If we're being optimistic, 154cb is a good score for 3.5GHz and hopefully the chip will reach speeds of 4.5GHz or higher. That would be very competitive with what Intel is offering.
But since XFR seems to be enabled, maybe the chip was boosting to 3.9GHz or higher during that test, which would mean that 154cb is not that impressive. My old 2500K at 4.5GHz scores 150 in that test.
On this '7700K is the best gaming CPU Ryzen won't be able to compete with' trope that has quickly formed, let's examine that a little shall we. Because it is a claim that makes no sense for the vast majority of gamers or the 'average gamer'. And this is an important point so I've bolded it so I don't get a load of replies where I'm shown benches with Titan X's which nobody really owns, let's face it.
Anandtech doesn't understand how to benchmark games. Their tests are meaningless.

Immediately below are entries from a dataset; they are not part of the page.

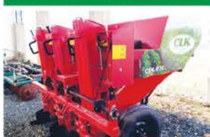
PLANTADEIRA BATATA 3 LINHAS CLK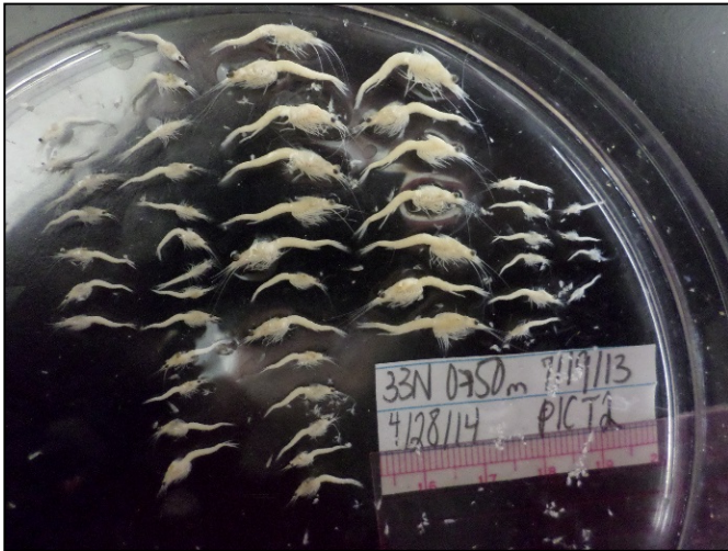
Échantillon de M. diluviana prélevé le 19 juillet 2013.

Pendant l'ICSS de 2013, les scientifiques ont découvert que la mysis continue d'utiliser les niveaux de lumière et la température pour choisir la profondeur où elles prendront leur repas nocturne. Selon de récentes estimations, le lac abrite 7 000 tonnes métriques de mysis pendant l'échantillonnage de l'été, ce qui représente une énorme conversion de ressources de plancton en une biomasse haute en énergie disponible pour les petits poissons dont se nourrissent les plus gros poissons, tels que le touladi et le saumon.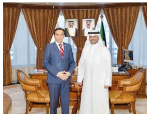
محافظ مبارك الكبير يستقبل سفير باكستان

استقبل محافظ مبارك الكبير ومحافظ حولي بالتكليف صباح بدر صباح السالم الصباح، في ديوان عام المحافظة صباح أمس سفير جمهورية باكستان الإسلامية لدى دولة الكويت ظفر أقبال.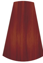
7.6 BIONDO MEDIO ROSSO MEDUM RED BLONDE RUBIO MEDIO ROJO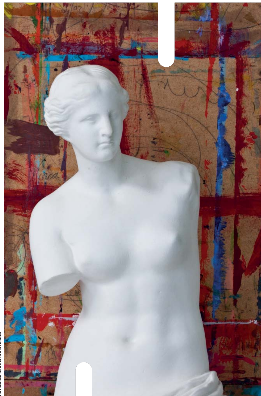
FOTOGRAFÍA DE ATXU AYERRA.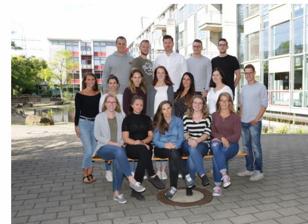
Die Studierenden der Fachschule / Oberstufe

Geblockter Präsenzunterricht in 12 Modulen à 1 Woche.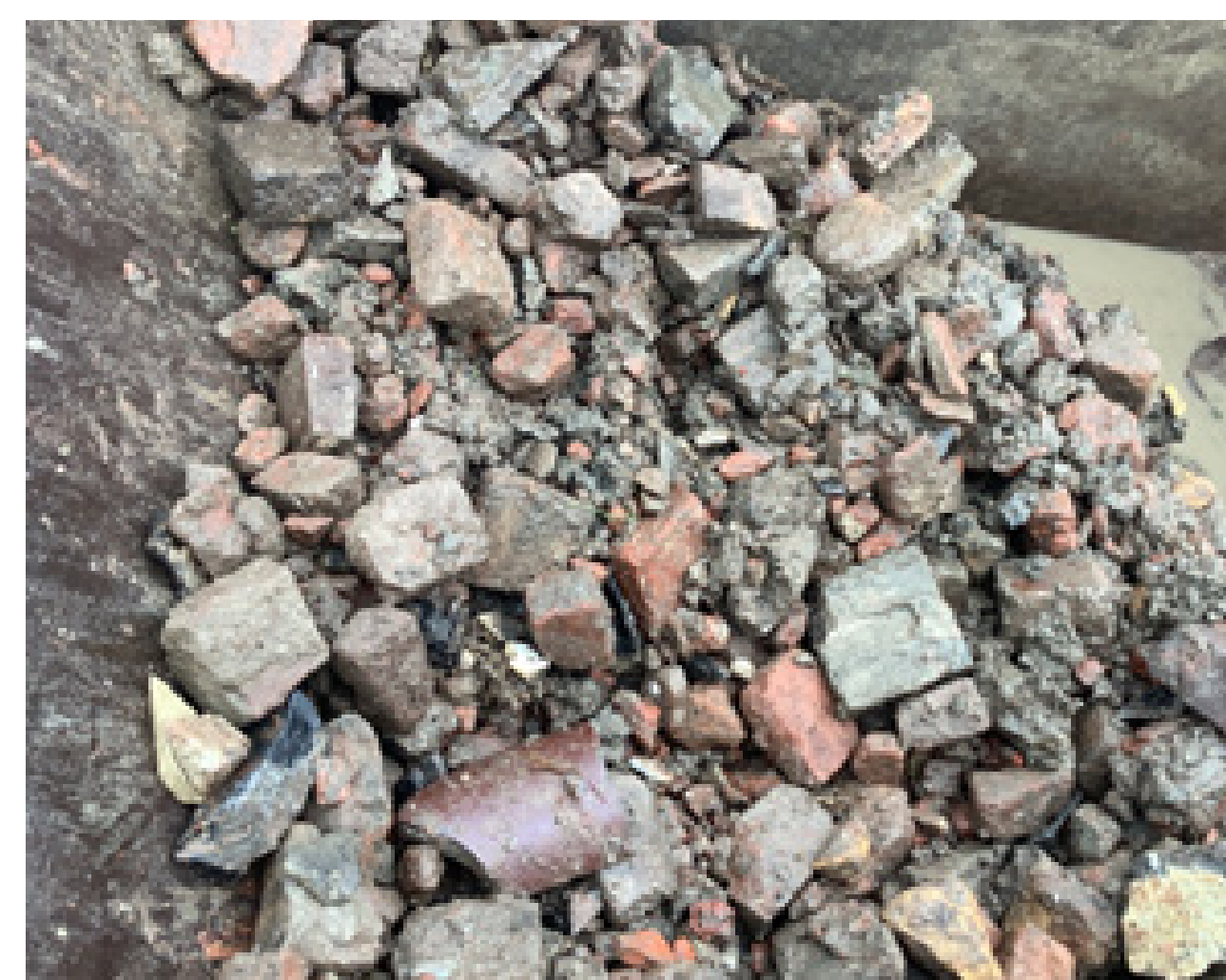
Voorbeeld materiaal na milieukundige zevingen

Deze vervuiling gaat voor het grootste gedeelte worden ingepakt in de nieuwe dijk. Een klein deel van de vervuiling dit buiten het nieuwe profiel valt wordt veilig afgegraven en afgevoerd.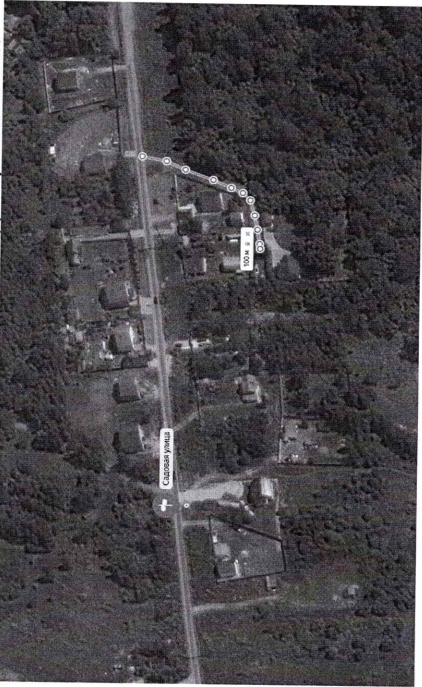
Схема расположения автомобильной дороги общего пользования местного значения, расположенной по адресу: Московская область, Рузский городской округ, п. Дорохово, ул. 2-я Садовая, к земельному участку 50:19:0040501:370

Приложение №2 к постановлению Администрации Рузского городского округа от 14.10.2021 № 4255 Приложение №2 к постановлению Администрации Рузского городского округа от 14.10.2021 № 3972

Look to sites like DigitalFoundry, GameGPU, and Techspot for proper CPU performance testing in games.
The argument that the "average gamer" is always GPU-bottlenecked and that CPU performance doesn't matter doesn't make a whole lot of sense.
A CPU performance test should always be done with the fastest GPUs you have available, and at a low resolution like 720p specifically to try and eliminate the GPU as a factor.
You might not have a Titan X, but that level of performance will be available for less than $1200 very soon with the release of the 1080 Ti (maybe $800), and likely around $400 later this year/early next, with the 1170.
Most people tend to hold onto CPUs far longer than GPUs, so that's why you need to eliminate the GPU as a factor in these tests.
Not only that, but you don't
have to be GPU-bottlenecked just because you're running something less than a Titan X.
If you choose appropriate settings for your GPU instead of always setting everything to Ultra, then you shouldn't be GPU-bottlenecked at all the majority of the time.
The pertinent question is really what frame rate a player is targeting. Anyone with a 60Hz monitor is very unlikely to see any difference between a 7700K and a significantly less powerful processor
That really isn't true any more.
Even targeting 60 FPS requires a very fast CPU in most new games. Practically everything I bought in 2016 was bottlenecked by my CPU.
And every time a game comes out which has high CPU requirements, you now have people complaining about how it's "unoptimized" or doesn't run well despite their GTX 1080 - paired with an older, slower CPU.
Part of the difference might be explained by different RAM bandwith, though. The Witcher 3 has shown that it scales pretty damn good with faster RAM.
Quite a few games do now - which is why I'm somewhat concerned about the highest-end ASUS board only listing 3200MHz DDR4, and boards from other manufacturers being ≤3000MHz.
Z270 boards support 4266MHz RAM now.